Oleandrów, also designated as the Neighbourhood No. 9, (Note: Polish: Osiedle nr 9, Osiedle nr IX) is a municipal neighbourhood of the city of Warsaw, Poland, located within the district of Śródmieście, and administered by a neighbourhood council. It is located within the City Information System areas of Śródmieście Południowe, and Ujazdów.

== Name ==
The name of the neighbourhood, Oleandrów, comes from the Oleandrów Street which is located within it. Its name comes from the Oleandry Street in the city of Kraków.

== History ==
The municipal neighbourhood of Oleandrów was established on 10 March 2016.

== Government ==
The neighbourhood government is divided into two organs, the neighbourhood council as the legislative body, and the neighbourhood management as the executive body. Its seat is located at the 1 Marszałkowska Street, in suite no. 7.

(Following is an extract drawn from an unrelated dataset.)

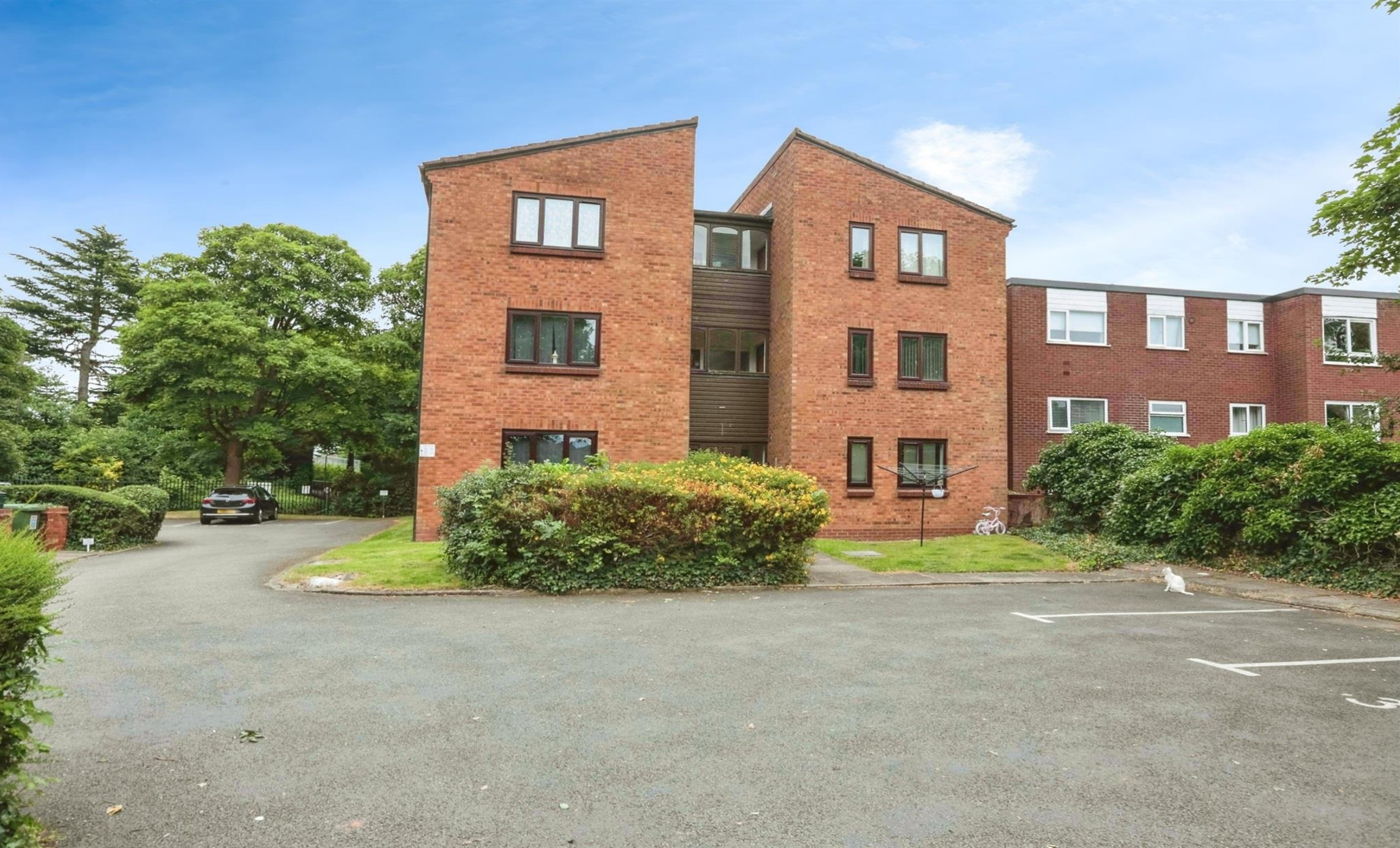
Knights Close, Birmingham

The government is led by the council leader. Throughout the years, they were:
- 2016–2022: Jan Rybczyński
- 2022–present: Agata Opyrchał-Jankowska

== Location and administrative boundaries ==
The neighbourhood boundaries are determined by the Armii Ludowej Avenue to the north, Ujazdów Avenue, and Parkowa Street to the east, Klonowa Street and Spacerowa Street to the south-east, Batorego Street and Boya-Żeleńskiego Street to the south-west, and Independence Avenue to the west. It is located within the City Information System areas of Śródmieście Południowe, and Ujazdów.